Indiana Jones and the Dial of Destiny


This review may contain spoilers.

The first hour of 'Dial of Destiny' is pretty meh. Then it picks up the pace, introduces classic 'Indiana Jones' tropes (creepy animals, dank caves), gets good mileage out of the MacGuffin, and finishes things off nicely with a perfect ending. Along the route, there are a few fun quips by Phoebe Waller-Bridge, some terrible action scenes, some excellent action scenes, great musical cues (thank you for the music, maestro Williams. Go and enjoy your well-earned retirement!), a Wilhelm Scream, a sadly underused Antonio Banderas, and a tear shed by Indiana Jones himself. That's a first for the series, and the reason is genuinely touching, even unsettling.

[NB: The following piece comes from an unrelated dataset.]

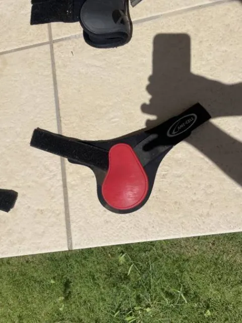 Protèges boulet rouge de la marque lamicell j’ai du les mettre qu’une seule fois parce que mon cheval ne supporte pas les protèges boulets ils sont donc pratiquement neuf. Taille poney mais va sur des petit chevaux du genre pur sang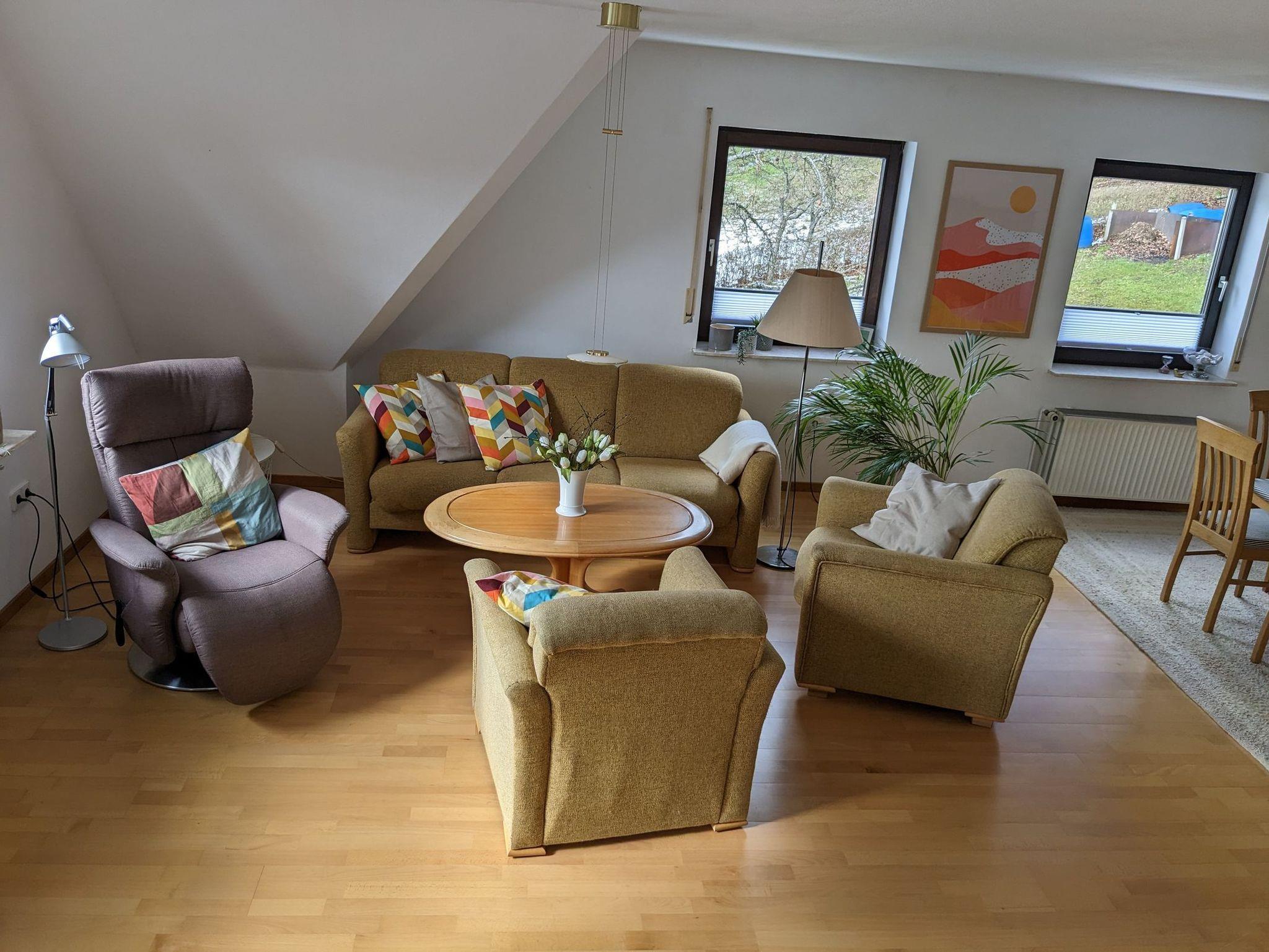 Die komplett renovierte 95 qm 4 Sterne Ferienwohnung befindet sich im Dachgeschoss und bietet eine moderne Einrichtung in heller und ansprechender Atmosphäre. Sie verfügt über 2 Schlafzimmer, ein Tageslichtbad mit Dusche, einen offenen Wohn- Essbereich mit Kachelofen, eine Küche und eine Vorratskammer. Vom Wohnzimmer aus gelangt man zur Loggia, welche Richtung Süden ausgerichtet ist. Der perfekte Ort für laue Sommerabende mit einem Glas Wein. In einer eigens eingerichteten Grillecke, können regionale Spezialitäten der nahegelegenen Hofschlachterei und Milcherei ausprobiert werden.

James Mangold's 'Walk the Line' is a masterpiece. 'Dial of Destiny' isn't, but it is made with sincere, obvious love for the franchise. It never resorts to cheap tricks or hollow manipulations. You could however remove Ethann Isidore from the movie, and lose nothing of value. That's not a diss to Mr. Isidore, who is a fine actor. The character just adds next to nothing to the story.

Mads Mikkelsen is amazing as always, and the de-aging used to recreate a 1940s Indy is stupendously effective. It's quite evident how proud the wizards at Lucasfilm and ILM are, because there's a solid 20+ minutes of digital Harrison Ford. Compare this to, say, the few seconds of Leia in 'Rogue One', and you can see how the tech has improved.

I can't believe we'll never get another new 'Indiana Jones' movie - a series that has been so good to us for the past 42 years. I will miss that fictional character. I don't want him to go away, but here we are.

Take a deep bow and a tip of the hat to the fedora. If adventure has a name, it was, is and will always be 'Indiana Jones'.